> **What needs to be done**
As output, give the exact lines from the one containing "(おまかせ便で送料無料)キャラクター ナップサック くまのがっこう" through the end of the listing below, both included, without the pictures.

> **Given data**
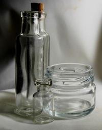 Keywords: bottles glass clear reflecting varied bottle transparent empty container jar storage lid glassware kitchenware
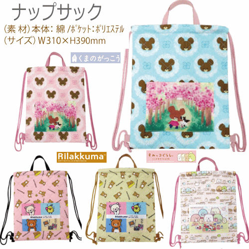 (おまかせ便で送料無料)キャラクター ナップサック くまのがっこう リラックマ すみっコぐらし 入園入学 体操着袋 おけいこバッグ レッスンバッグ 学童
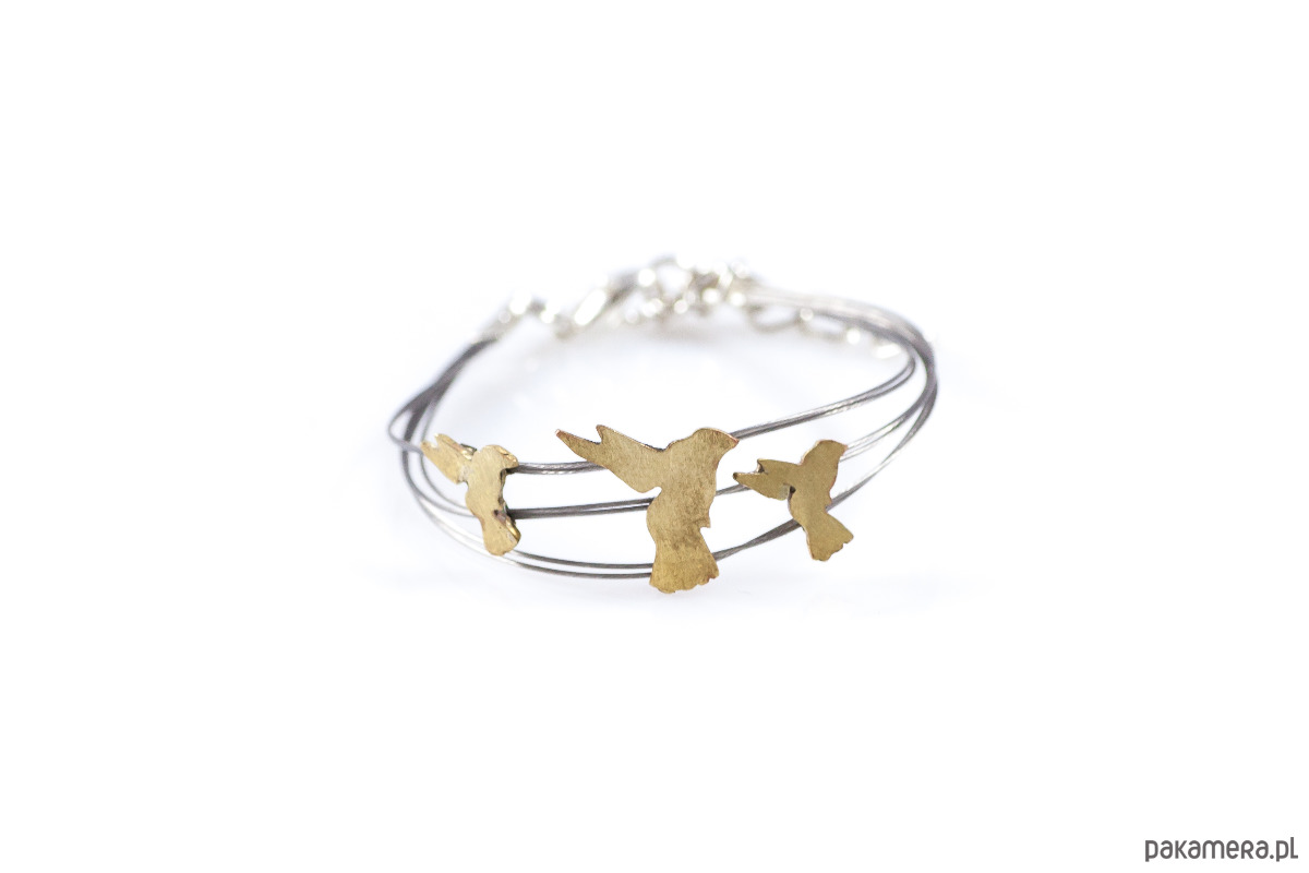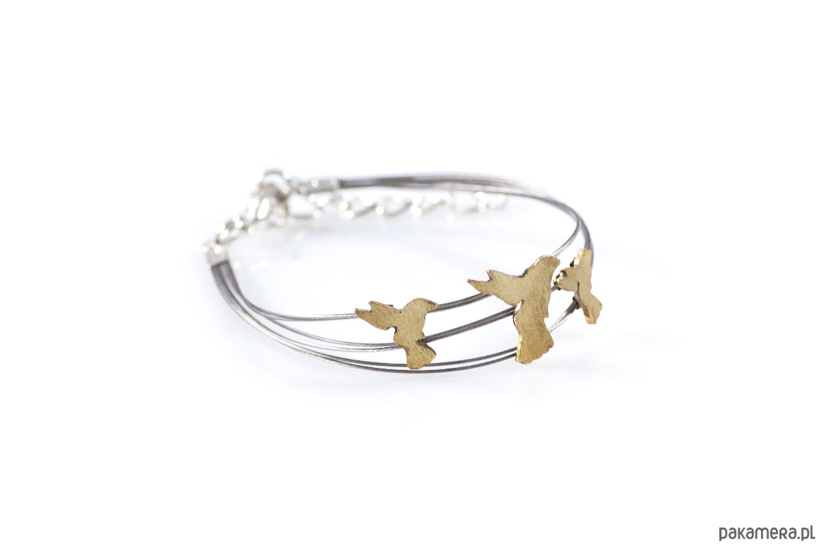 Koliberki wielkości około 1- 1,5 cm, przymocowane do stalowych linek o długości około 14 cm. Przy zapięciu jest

> **Reply**
 (おまかせ便で送料無料)キャラクター ナップサック くまのがっこう リラックマ すみっコぐらし 入園入学 体操着袋 おけいこバッグ レッスンバッグ 学童
 Koliberki wielkości około 1- 1,5 cm, przymocowane do stalowych linek o długości około 14 cm. Przy zapięciu jest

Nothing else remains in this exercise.